A scotophor is a material showing reversible darkening and bleaching when subjected to certain types of radiation. The name means dark bearer, in contrast to phosphor, which means light bearer. Scotophors show tenebrescence (reversible photochromism) and darken when subjected to an intense radiation such as sunlight. Minerals showing such behavior include hackmanite sodalite, spodumene and tugtupite. Some pure alkali halides also show such behavior.

Scotophors can be sensitive to light, particle radiation (e.g. electron beam – see cathodochromism), X-rays, or other stimuli. The induced absorption bands in the material, caused by F-centers created by electron bombardment, can be returned to their non-absorbing state, usually by light and/or heating.

Scotophors sensitive to electron beam radiation can be used instead of phosphors in cathode ray tubes, for creating a light absorbing instead of light emitting image. Such displays are viewable in bright light and the image is persistent, until erased.

The image would be retained until erased by flooding the scotophor with a high-intensity infrared light or by electro-thermal heating. Using conventional deflection and raster formation circuitry, a bi-level image could be created on the membrane and retained even when power was removed from the CRT.
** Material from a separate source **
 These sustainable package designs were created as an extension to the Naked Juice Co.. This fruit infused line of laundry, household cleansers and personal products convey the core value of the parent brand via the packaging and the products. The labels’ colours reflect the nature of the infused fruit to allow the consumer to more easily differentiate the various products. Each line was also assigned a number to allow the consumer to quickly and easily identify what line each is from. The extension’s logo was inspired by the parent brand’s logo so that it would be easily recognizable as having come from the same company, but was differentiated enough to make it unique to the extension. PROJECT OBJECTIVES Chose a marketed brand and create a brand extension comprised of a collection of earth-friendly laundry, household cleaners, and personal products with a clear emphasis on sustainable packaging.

In Germany, scotophor tubes were developed by Telefunken as blauschrift-röhre ("dark-trace tube"). The heating mechanism was a layer of mica with transparent thin film of tungsten. When the image was to be erased, current was applied to the tungsten layer; even very dark images could be erased in 5–10 seconds.

Scotophors typically require a higher-intensity electron beam to change color than phosphors need to emit light. Screens with layers of a scotophor and a phosphor are therefore possible, where the phosphor, flooded with a dedicated wide-beam low-intensity electron gun, produces backlight for the scotophor, and optionally highlights selected areas of the screen if bombarded with electrons with higher energy but still insufficient to penetrate the phosphor and change the scotophor state.
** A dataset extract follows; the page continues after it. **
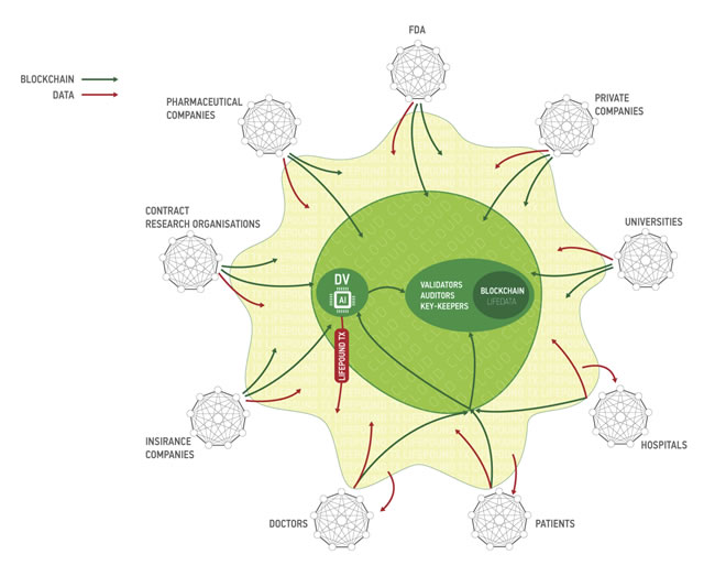 In this article we first review one of the recent achievements in next-generation artificial intelligence, deep learning, that holds the great promise as a biomedical research tool with many applications. We then discuss basic concepts of highly distributed storage systems (HDSS) as one of the advantageous solutions for data storage, introduce the open-source blockchain framework Exonum and review the application of blockchain for healthcare marketplace. For the first time we introduce half-life period of analysis significance, models of data value for single and group of users and cost of buying data in the context of biomedical applications. WHere we also present a blockchain-based platform for empowering patients to ensure that they havetake a control over their personal data, manage the access priviledges and to protect their data privacy, as well to allow patients to benefit from their data receiving a crypto tokesscurrency as a reward for their data or for healthy behaviorand to contribute to the overall biomedical progress. We speculate that such systems may be used by the governments on the national scale to increase participation of the general public in preventative medicine and even provide the universal basic income to the their citizens willing to participate in such programs that will greatly decrease the burden of disease on the healthcare systems. Finally, we cover important aspects of data quality control using the recent advances in deep learning and other machine learning methods.

The main application of scotophors was in plan position indicators, specialized military radar displays. The achievable brightness allowed projecting the image to a larger surface. The ability to quickly record a persistent trace found its use in some oscilloscopes.

==Materials==
Potassium chloride is used as a scotophor with designation P10 in dark-trace CRTs (also called dark trace tubes, color center tubes, cathodochromic displays or scotophor tubes), e.g. in the Skiatron. This CRT replaced the conventional light-emitting phosphor layer on the face of the tube screen with a scotophor such as potassium chloride (KCl). Potassium chloride has the property that when a crystal is struck by an electron beam, that spot would change from translucent white to a dark magenta color. By backlighting such a CRT with a white or green circular fluorescent lamp, the resulting image would appear as black information against a green background or as magenta information against a white background. A benefit, aside from the semi-permanent storage of the displayed image, is that the brightness of the resultant display is only limited by the illumination source and optics. The F-centers, however, have tendency to aggregate, and the screen needs to be heated to fully erase the image.

The image on KCl can be formed by depositing a charge of over 0.3 microcoulomb per square centimeter, by an electron beam with energy typically at 8–10 keV. The erasure can be achieved in less than a second by heating the scotophor at 150 °C.

KCl was the most common scotophor used. Other halides show the same property; potassium bromide absorbs in bluish end of the spectrum, resulting in a brown trace, sodium chloride produces a trace that is colored more towards orange.

Another scotophor used in dark-trace CRTs is a modified sodalite, fired in reducing atmosphere or having some chlorides substituted with sulfate ions. Its advantage against KCl is its higher writing speed, less fatigue, and the F-centers do not aggregate, therefore it is possible to substantially erase the screen with light only, without heating.